Required action – Copy exactly, beginning with the line holding "Durante las jornadas" and ending with the final line of the data beneath this task; copy nothing else, and leave out every picture.

Given information –
================================

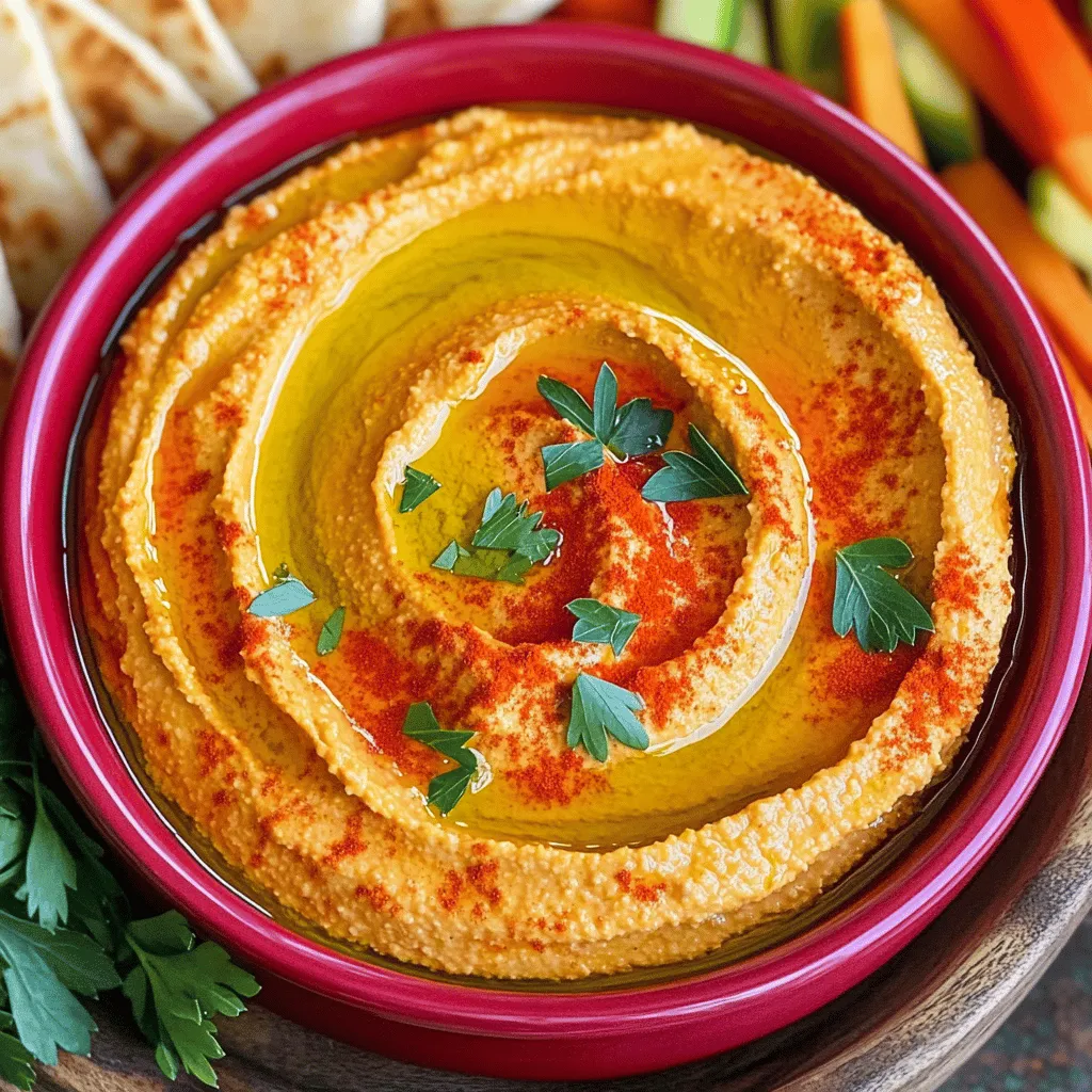 Chickpeas are the star of this dish. They give hummus its creamy texture and protein. Roasted red peppers add a sweet, smoky flavor. You can buy them ready-made or roast your own. Tahini, made from sesame seeds, gives richness. Olive oil adds smoothness and flavor.
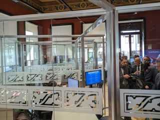Il locale è stato ristrutturato e reso attuale, con tante scrivanie separate da pareti trasparenti dove l'imprenditore fruisce di assistenza personalizzata.
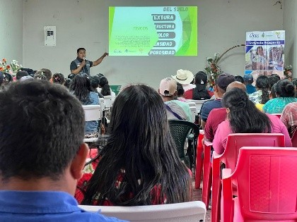 Durante las jornadas de Transferencias Monetarias Multi propósito, los técnicos impartieron una capacitación correspondiente al Módulo II “Diagnostico Visual del Suelo” para fortalecer su conocimiento sobre la mejora de la productividad y la resiliencia climática, basándose en el enfoque de Agua y Suelo pata la agricultura.
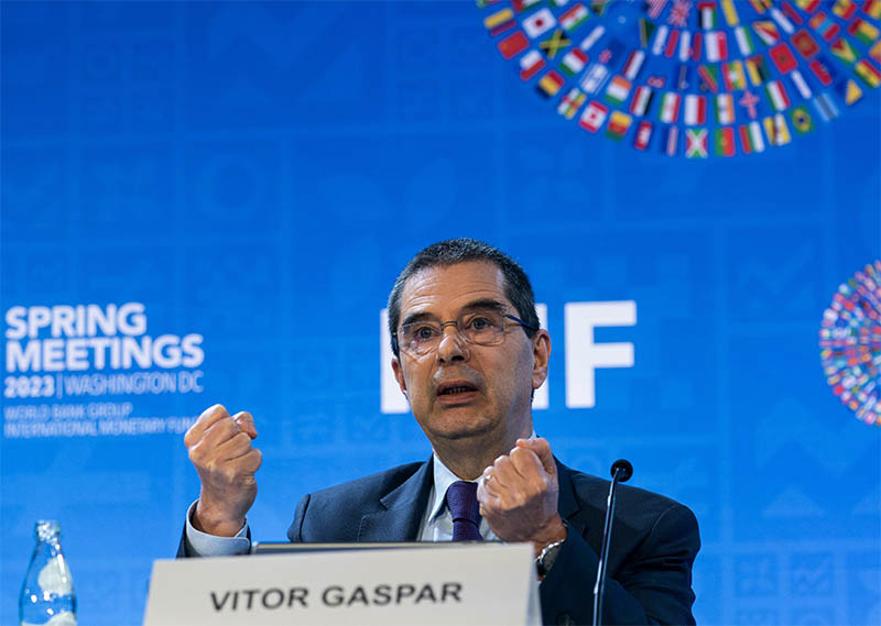 Vitor Gaspar, Direktur Departemen Urusan Fiskal Dana Moneter Internasional (IMF), berbicara dalam konferensi pers di Washington DC, Amerika Serikat, pada 12 April 2023. (F. Xinhua/Liu Jie)

================================

Written response –
 Durante las jornadas de Transferencias Monetarias Multi propósito, los técnicos impartieron una capacitación correspondiente al Módulo II “Diagnostico Visual del Suelo” para fortalecer su conocimiento sobre la mejora de la productividad y la resiliencia climática, basándose en el enfoque de Agua y Suelo pata la agricultura.
 Vitor Gaspar, Direktur Departemen Urusan Fiskal Dana Moneter Internasional (IMF), berbicara dalam konferensi pers di Washington DC, Amerika Serikat, pada 12 April 2023. (F. Xinhua/Liu Jie)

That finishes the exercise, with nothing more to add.